Anyway, all well here thanks - keeping smiling. Paramedic has just left and already he has heard about Jojo and her moaning, XTreme and his donkeys, Sue and her "hungry" dog and TFO. He sends his regards! 

Thanks again. Have a great day guys! I will.


----------



## Tallulah (Feb 16, 2009)

YAY! You arrived - we were just about to pop the balloons and sweep up before going home. You could have mentioned it was your birthday to the nurse - might have got a sponge bath out of it!! 

HAPPY BIRTHDAY TO YOU!!!

Tally.xx


----------



## Chica (Mar 23, 2009)

Caz.I said:


> Yes, I wondered where you'd gone too. Good to see you back.
> 
> Caz.


Thanks Caz.:kiss: Good to be back.


----------



## Chica (Mar 23, 2009)

Tallulah said:


> :grouphug:Lovely to see you again, Chica!! It's been too long since us girls were all together!!:tea:
> 
> Tally.xxxx


It certainly has Tally. I am back with av:engeance. Here's one for you too:kiss:.

xxxx


----------



## XTreme (May 17, 2008)

Chica said:


> It certainly has Tally. I am back with av:engeance. Here's one for you too:kiss:.
> 
> xxxx


Que paaaaasa chica?


----------



## Chica (Mar 23, 2009)

XTreme said:


> Que paaaaasa chica?


Vale...un beso para ti tambien :kiss:..


----------



## XTreme (May 17, 2008)

Chica said:


> Vale...un beso para ti tambien :kiss:..

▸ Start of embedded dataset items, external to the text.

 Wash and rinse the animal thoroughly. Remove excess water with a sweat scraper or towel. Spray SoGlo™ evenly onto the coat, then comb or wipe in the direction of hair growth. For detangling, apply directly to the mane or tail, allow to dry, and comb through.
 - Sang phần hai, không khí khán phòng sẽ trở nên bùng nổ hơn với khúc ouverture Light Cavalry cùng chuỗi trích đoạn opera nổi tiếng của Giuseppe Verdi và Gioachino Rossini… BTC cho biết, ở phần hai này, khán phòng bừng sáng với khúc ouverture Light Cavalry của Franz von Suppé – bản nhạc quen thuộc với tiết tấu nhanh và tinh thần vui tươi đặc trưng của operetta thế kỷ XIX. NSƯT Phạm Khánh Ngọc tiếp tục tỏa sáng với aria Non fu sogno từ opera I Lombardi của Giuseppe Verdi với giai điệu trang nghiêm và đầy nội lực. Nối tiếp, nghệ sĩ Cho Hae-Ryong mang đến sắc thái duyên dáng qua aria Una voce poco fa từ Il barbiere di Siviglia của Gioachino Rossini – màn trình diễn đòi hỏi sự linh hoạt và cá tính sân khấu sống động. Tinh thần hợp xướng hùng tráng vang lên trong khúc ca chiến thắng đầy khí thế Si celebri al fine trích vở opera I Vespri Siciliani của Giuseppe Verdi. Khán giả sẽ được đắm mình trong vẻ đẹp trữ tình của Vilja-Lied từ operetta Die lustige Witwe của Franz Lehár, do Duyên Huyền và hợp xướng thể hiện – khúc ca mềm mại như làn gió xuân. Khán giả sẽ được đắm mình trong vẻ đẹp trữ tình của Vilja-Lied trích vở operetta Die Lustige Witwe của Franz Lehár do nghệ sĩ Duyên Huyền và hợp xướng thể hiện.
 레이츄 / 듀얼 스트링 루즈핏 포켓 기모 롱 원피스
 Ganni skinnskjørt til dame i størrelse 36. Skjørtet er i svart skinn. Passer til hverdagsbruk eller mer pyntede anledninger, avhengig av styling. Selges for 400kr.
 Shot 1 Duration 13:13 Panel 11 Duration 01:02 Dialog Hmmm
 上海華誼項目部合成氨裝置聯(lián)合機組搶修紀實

It ain't been easy here Chica!

Jo's been hounding me across the forum deleting everything I write.....including a traditional Spanish birthday greeting to Steve!

She's turned into The Terminator!

I'm the victim here!


----------



## Chica (Mar 23, 2009)

XTreme said:


> It ain't been easy here Chica!
> 
> Jo's been hounding me across the forum deleting everything I write.....including a traditional Spanish birthday greeting to Steve!
> 
> ...


Aaaaah I'm sorry to hear that Xtreme!!!! I'm sure you like the hounding bit tho'


----------



## jojo (Sep 20, 2007)

XTreme said:


> It ain't been easy here Chica!
> 
> Jo's been hounding me across the forum deleting everything I write.....including a traditional Spanish birthday greeting to Steve!
> 
> ...



You?? Victim??? my @ss!!! LOL 


Jo xxx


----------



## XTreme (May 17, 2008)

I''m now putting on my "little boy with a sad face" expression to get the sympathy vote! 

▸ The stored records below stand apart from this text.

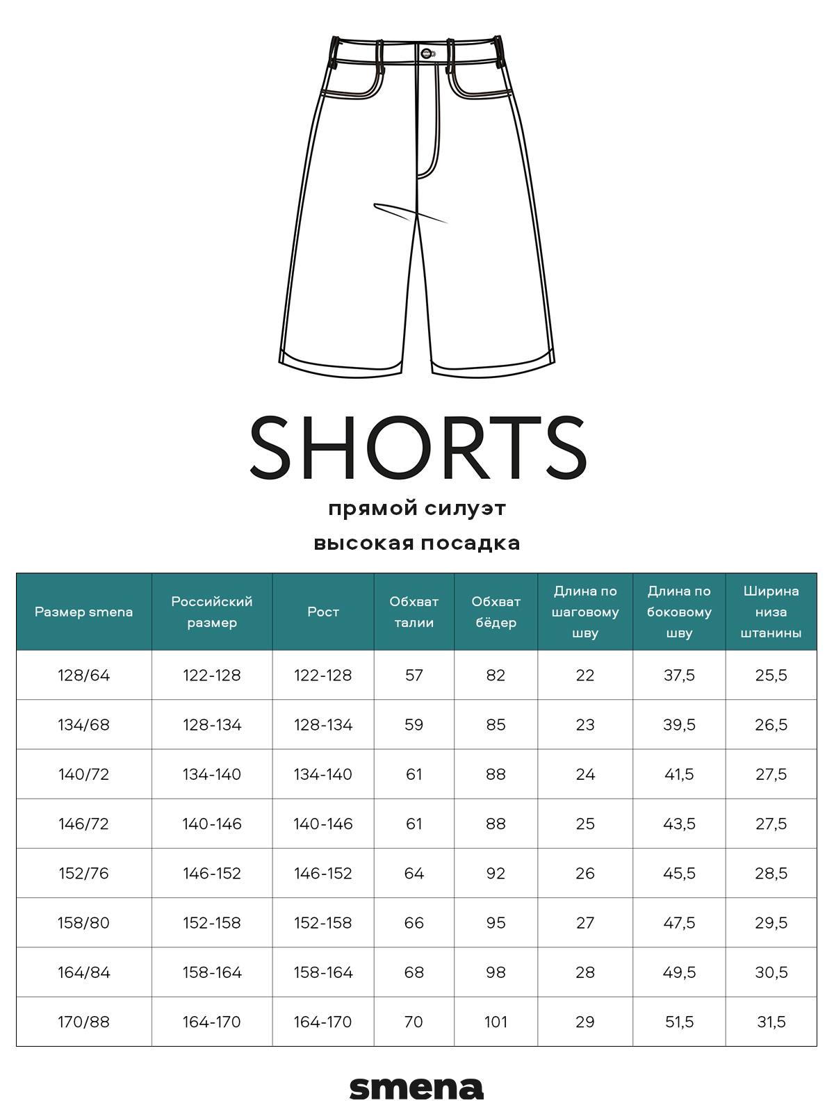 Уважаемые покупатели, в графе "Размер smena" указан рост (первая цифра) и обхват груди (вторая цифра). Для более правильного выбора размера шорты детские, пожалуйста, обращайте внимание на эти два параметра. По Российским ГОСТам размер детской одежды равен объему груди, даже для поясных изделий, для того, чтобы определить объем талии и иные обхваты необходимо смотреть соответствие объему груди.
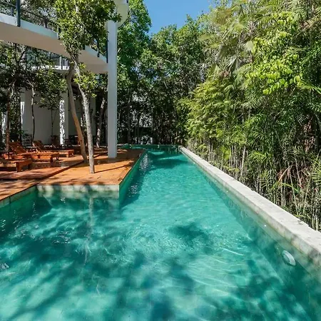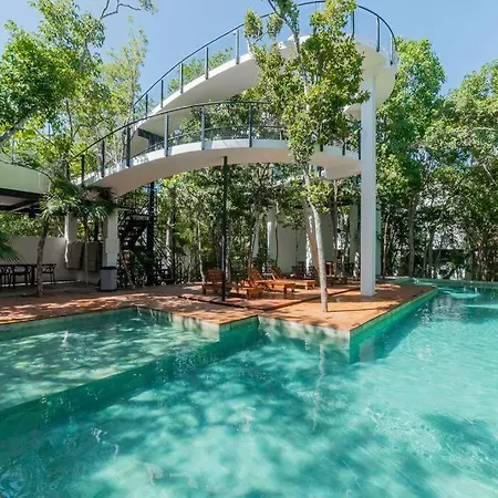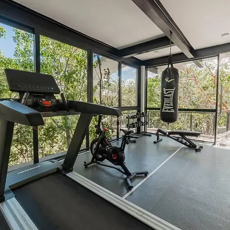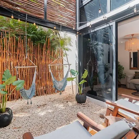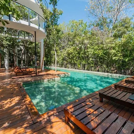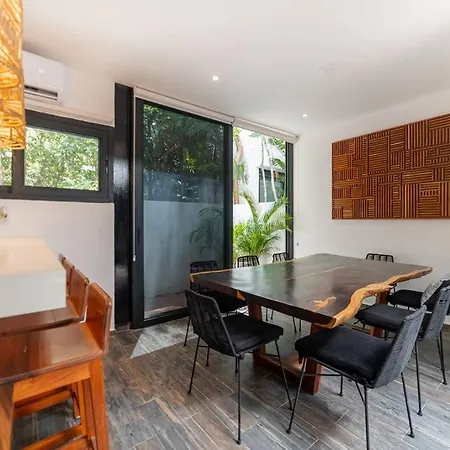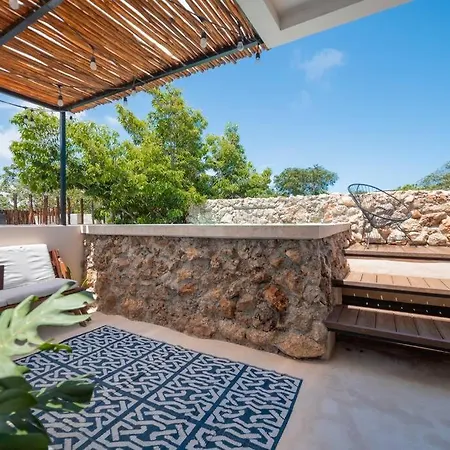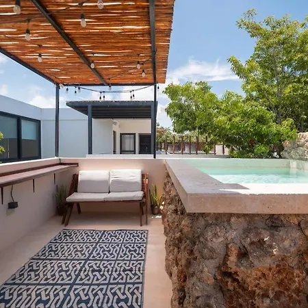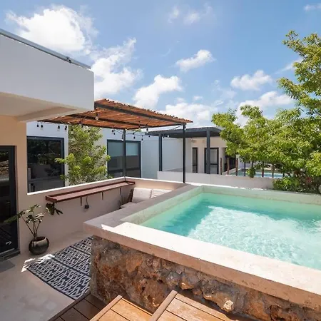Vacation Villa Private Rooftop Pool Walk 2 Town Tulum is located a 25-minute walk from Cenote Abejas and provides a private swimming pool, ensuring a relaxing stay. This 5-bedroom villa includes a free private parking lot and a terrace with views of garden terrace.
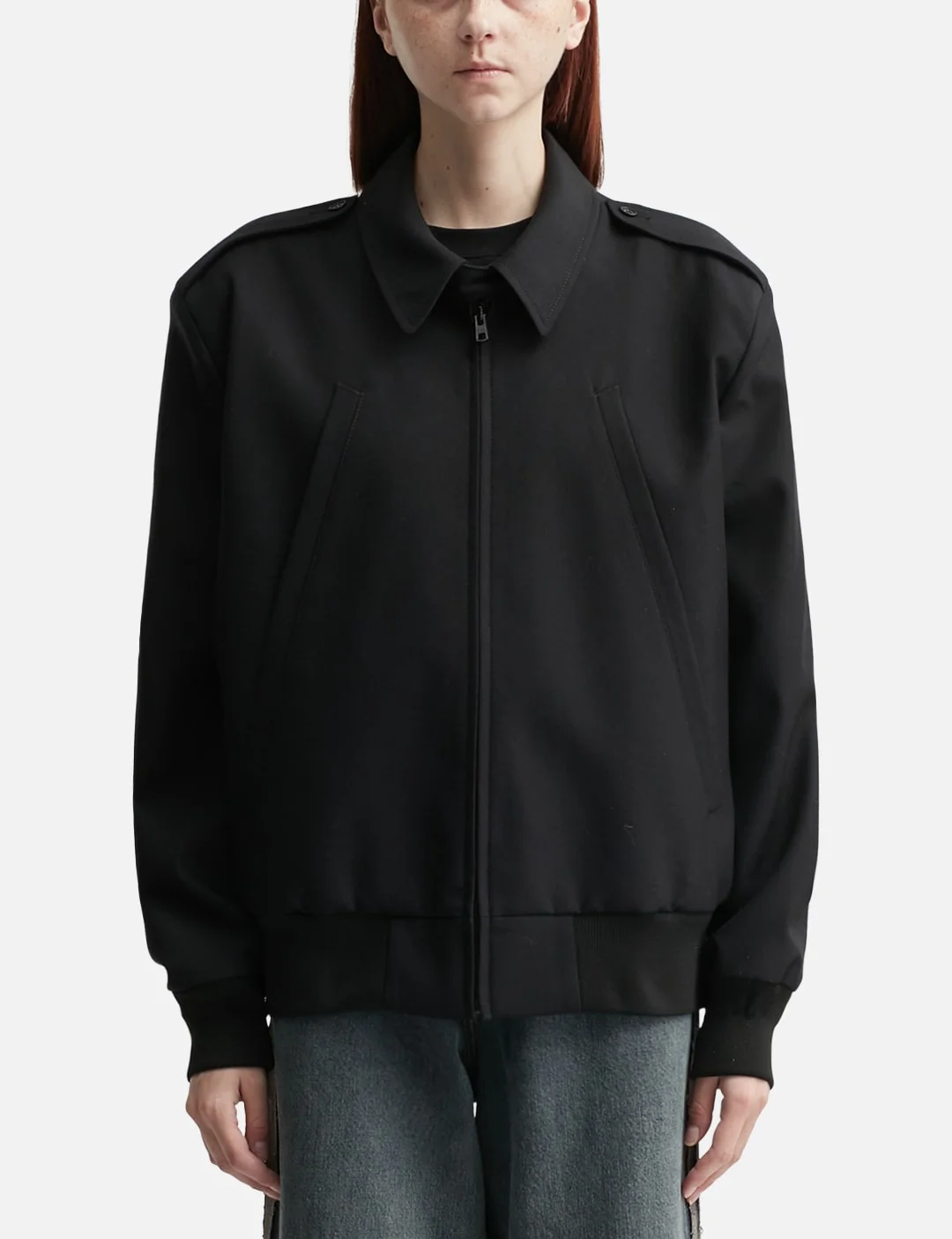 - MM6 Maison Margiela - Wool Bomber Jacket - Made of virgin wool - Structured bomber jacket - Epaulettes on shoulders - Rib-knit cuffs and hem - Slanted welt pockets - White stitching line on back - Made in Italy - Color: Black - Material: 100% Virgin Wool - See more Jackets and Clothing - Model wears size S - Model measures: Height 177cm, Chest 32”/81cm, Waist 23.5”/59.7cm, Hip 33’’/83.8cm - Vendor Code: SH2AM0036M35653900
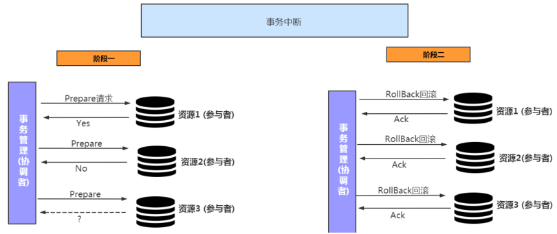2. 事务回滚: 参与者接收到 Rollback 请求后,会利用其在阶段一中记录的 Undo 信息来执行事务回滚操作,并在完成回滚之后释放在整个事务执行期间占用的资源。

Usually applied when a lady says no after I've given her all the reasons I can think of to say yes.

Steve Hall needs to learn this technique....might help to end his streak of celibacy.

Though he'll probably get it all wrong and make a face like he's laying an egg!


----------



## SteveHall (Oct 17, 2008)

I 'm sorry to hear that your @@se has been the victim of XTreme - no doubt he'll have the vid on You Tube later!!


----------



## jojo (Sep 20, 2007)

XTreme said:


> I''m now putting on my "little boy with a sad face" expression to get the sympathy vote!
> 
> Usually applied when a lady says no after I've given her all the reasons I can think of to say yes.
> 
> ...



yes very cute Xtreme, but it wont work so theres no point in teaching it to Steve!!! 

Jo xxx


----------



## jojo (Sep 20, 2007)

SteveHall said:


> I 'm sorry to hear that your @@se has been the victim of XTreme - no doubt he'll have the vid on You Tube later!!

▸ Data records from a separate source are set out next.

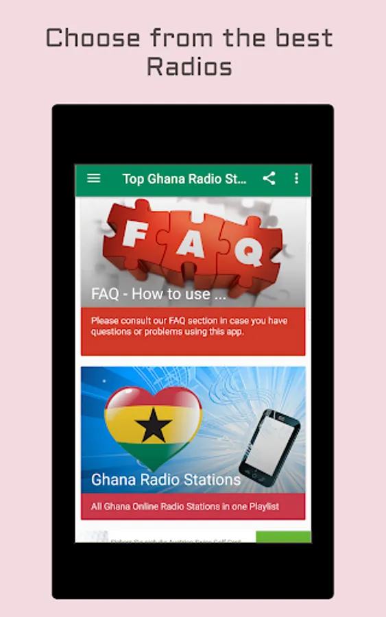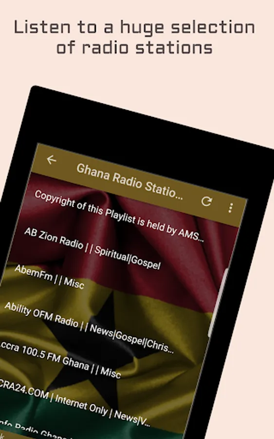 Listen to top Ghana Music, Talk and News on your android device. Ghana Radio is sorted by Genres.
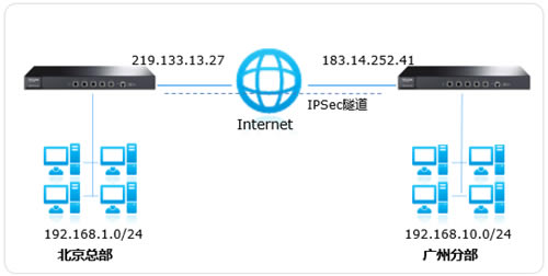 该类型下,确保总部和分部的路由器均连接宽带上网正常,按照以下方法配置VPN隧道:
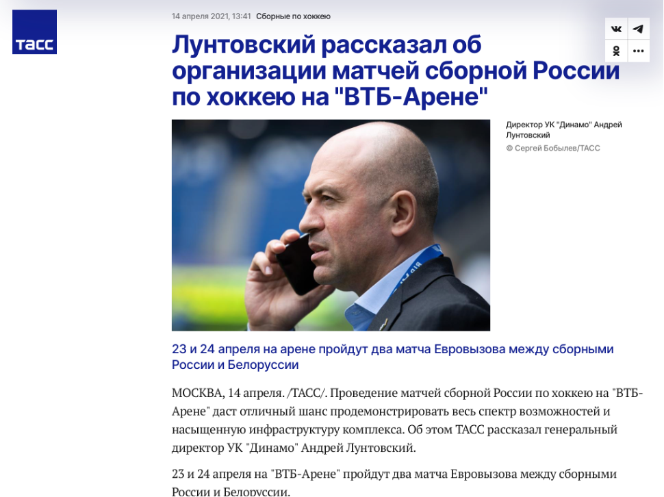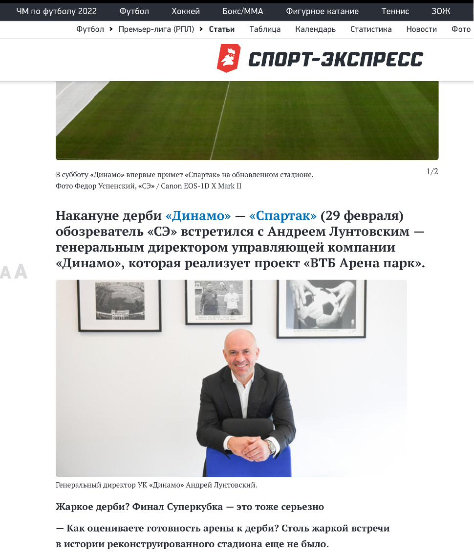 - анонс знаковых событий, происходящих на территории ВТБ Арена парк;
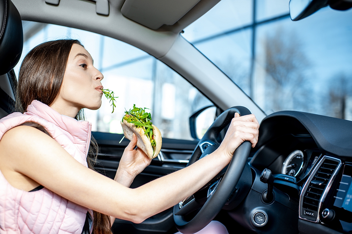 雞排、炸雞、小籠包、漢堡等都是台灣常見的食物,雖然只需要用一隻手就能進食,但要小心噴出來的湯汁、屑屑等都會導致駕駛分心,尤其是一隻手仍拿著食物,另外一隻手還要進行撿拾,就代表此時雙手都不再方向盤上了。
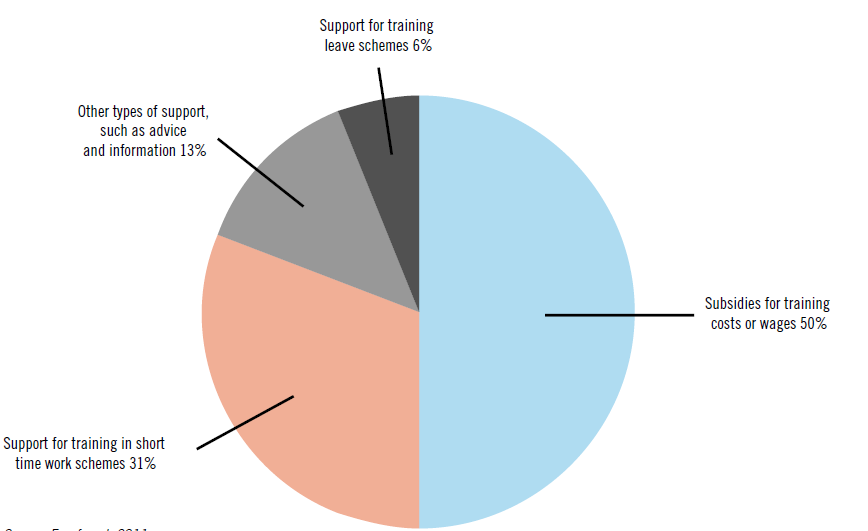 خدمات آموزشی برای کسانی که در بخش خصوصی شاغل بودند فقط در صورتی پیشنهاد می شد که تامین مالی آن توسط دولت یا طرح های آموزشی عمومی صورت بگیرد. به عنوان مثال، در دانمارک، 39 درصد از سازمان ها فعالیت های آموزشی خود را به عنوان بخشی از استراتژی مبارزه با بحران افزایش دادند،[1] که هزینه آن توسط بخشی از یارانه حقوق و دستمزد برای کارفرمایان تامین شد که در نظام آموزش بزرگسالان و دوره های آموزشی مستمر دانمارک[2] پیش بینی شده بود.
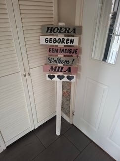 We kunnen heel veel op voor maken, behalve de tekst met naam en datum, ik kan als u de blauwe of roze kleur daarvoor kiest de rest alvast maken en wacht ik het af zo gauw u me mailt of belt ga ik meteen de laatste bordjes maken zo is het op tijd bij u, de volgende dag kunnen we hem dan leveren, met verzenden duurt het even langer!

You sound a bit happier now Stevie !!!

Jo xxx


----------



## Suenneil (Feb 17, 2009)

SteveHall said:


> I 'm sorry to hear that your @@se has been the victim of XTreme - no doubt he'll have the vid on You Tube later!!


Ah Steve! I missed your Birthday because I wasnt online this weekend! ...  so belated love and birthday kisses ... hope it was good one for you!

Sue xx :humble:


----------



## SteveHall (Oct 17, 2008)

It was fine thanks, Sue. Hope you had a good weekend too - bit warmer last night but still needed to wear sox in bed! 

Hope we all have a great week, guys 

Get well soon, Jojo.


----------